Wow. Bryan Singer said on the X-Men DVD bonus features how he only felt like he got to make half a movie. Although I praised him for keeping introductions to a minimum, in an ensemble superhero movie like that those will still take up enough time that the main plot needs to be fairly basic. Especially when you have a limited budget and can only shoot so many scenes.
Singer was looking forward to getting a whole second movie to really tell the story he wanted to – and man did he hit a home run!
The film grips you from the very first scene, as we are introduced to the phenomenal character of Nightcrawler (Alan Cumming) attempting to kill the President of the United States. Then we see how Mystique, in the body of the late Senator Kelly, is trying to stop the Mutant Registration Bill the real Senator Kelly introduced while alive but the insidious Colonel William Stryker (Brian Cox, who played every old man in early 2000s movies) has even more nefarious means in mind to eliminate mutantkind. His issues stem from his utter hatred of his son Jason (Michael Reid McKay),
and he’s brainwashed Lady Deathstrike (Kelly Hu) into being his henchwoman. This is the rare battle which unites Magneto and Mystique with Professor X, Wolverine, Storm, Cyclops, Jean Grey, Rogue, Iceman (Shawn Ashmore, in a greatly expanded role from the first film), and Pyro (Aaron Stanford)…at least for now.
Things also get more complicated when Striker turns out to be the man with the key to Wolverine’s dark, unknown past.

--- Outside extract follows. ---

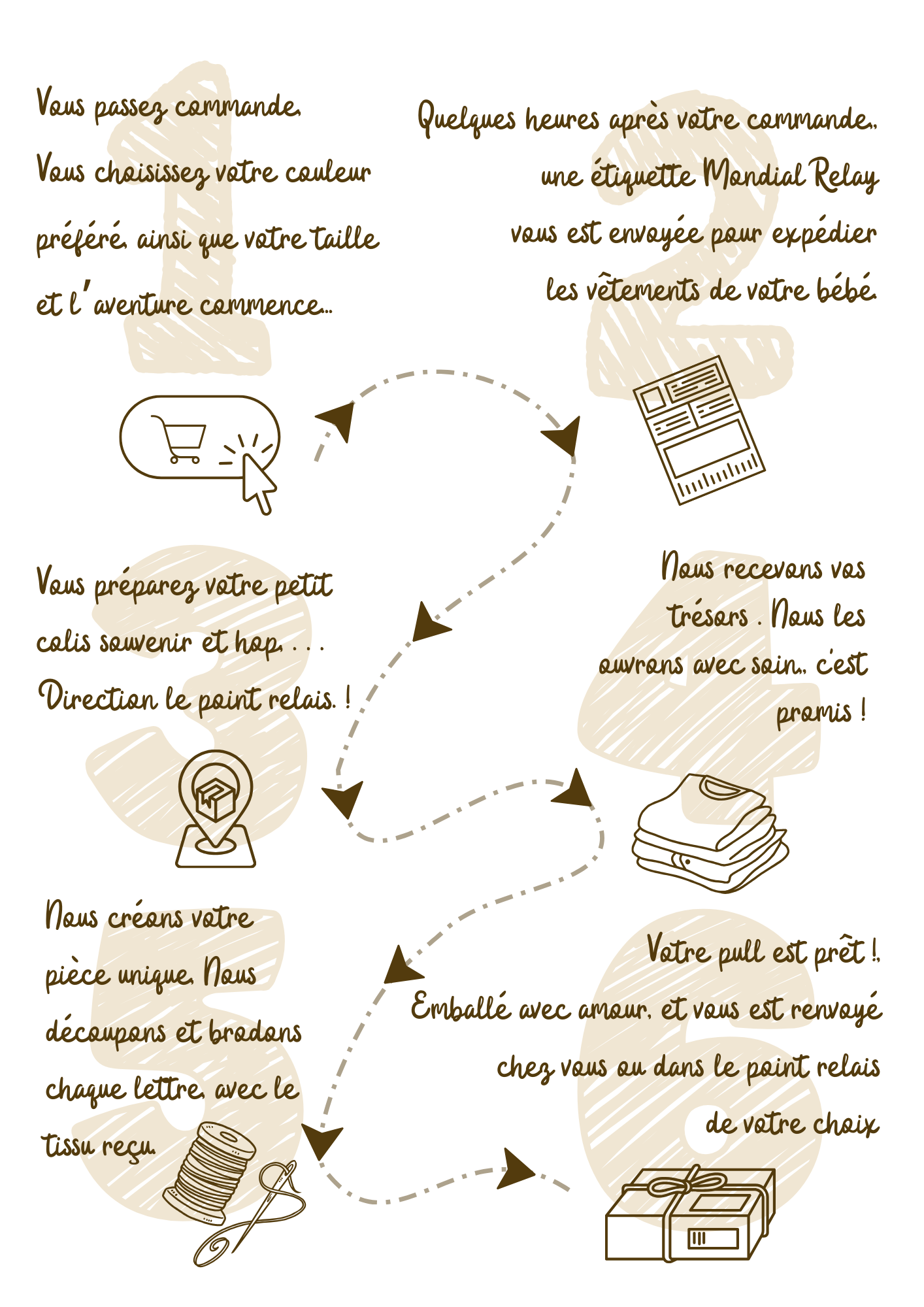 Chaque pull Création est une pièce unique, brodée dans notre atelier à partir des vêtements de votre enfant. Un tissu utilisé par les câlins, un petit pyjama qu'on a jamais vraiment pu ranger... et voilà qu'il renait dans une broderie tendre, intégrée dans un mot fort.

The movie is over two hours long but there is not one boring second. Besides the excitement of the main plot, in all its complexities, we get wonderful arcs for SO MANY of the characters, beautiful one-on-one moments between various pairs of characters peppered throughout the grand plot and making the pacing perfect, a litany of stunningly choreographed fight scenes, special effects that haven’t aged at all (especially Nightcrawler’s teleportation), and terrific performances. Although Ray Park and Tyler Mane are missed, all the other major cast members from the first film return and they, along with the new stars, the writers, and the below-the-line talent, put together a phenomenal work.

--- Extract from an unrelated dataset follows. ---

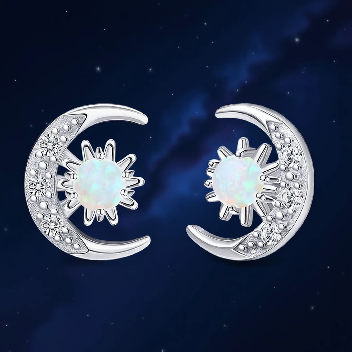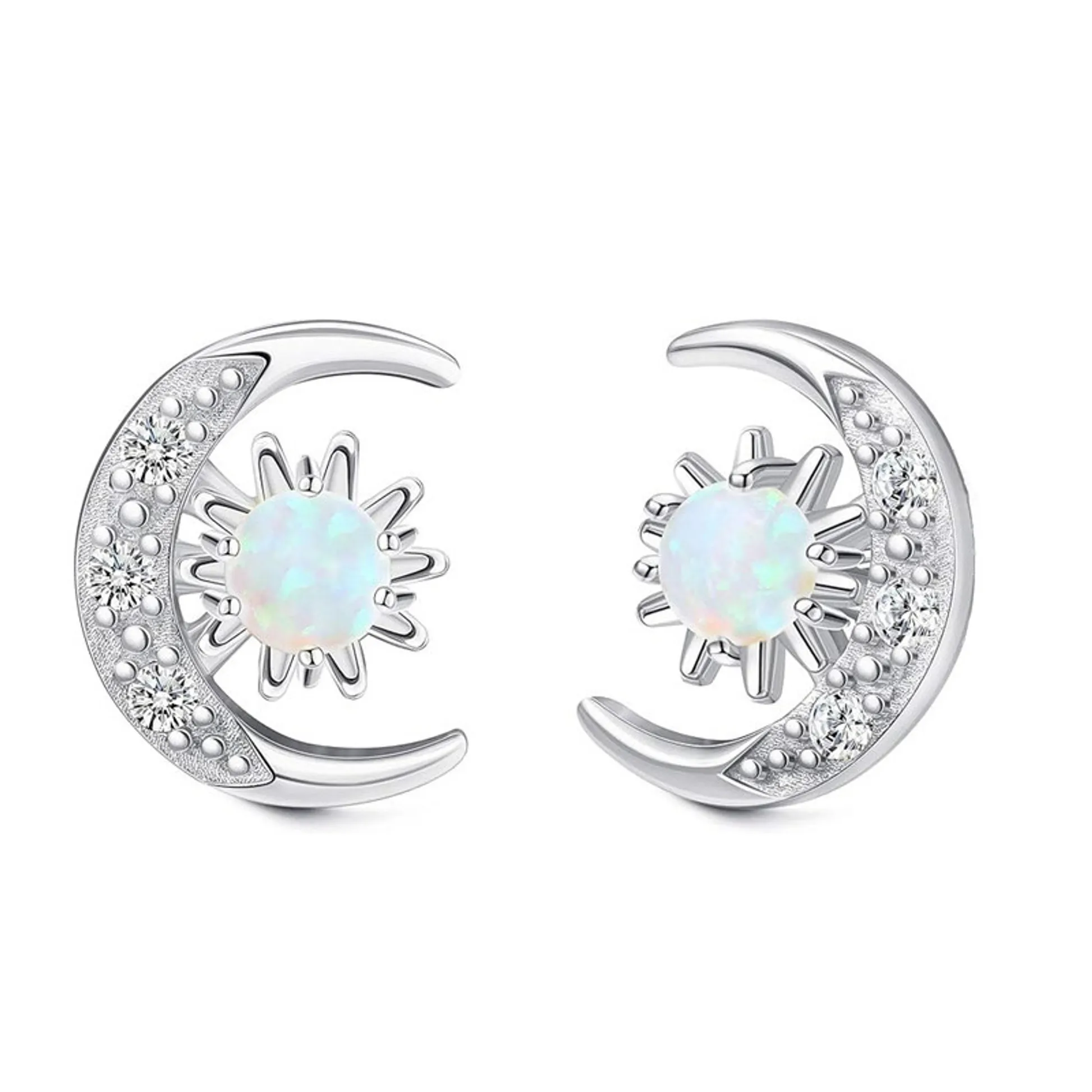 Silver Plated Moon Stud Earrings with Opal Stone – Romantic Women's Fashion Jewelry Gift

At the helm we have Bryan Singer, who really shows us his filmmaking ingenuity. Too bad he couldn’t stay away from young boys and has killed his own career; we saw here what a gift he had.
*SPOILERS*
The one thing I feel the need to mention – I couldn’t believe the X-Men let Jason die at the end. I’ve seen rationalization that Dark Cerebro was falling apart, but it wasn’t doing so THAT fast. If there was enough time for Nightcrawler to come back and save Charles he could have easily taken a few seconds and done the same for Jason. Understandably, that’s much less important to them, but Jason was an innocent person who had already been through so much trauma; why did the X-Men not even give him a passing thought? This doesn’t affect my love of the movie but I had wished they’d at least explained their decision by making clear it was a mercy kill (or a mercy let-die). Regardless, Mutant 143’s story is so utterly powerful and tragic that it easily adds to the movie’s wallop.
*SPOILERS*
Fantastic!
Bottom Line: I NEVER get sick of it.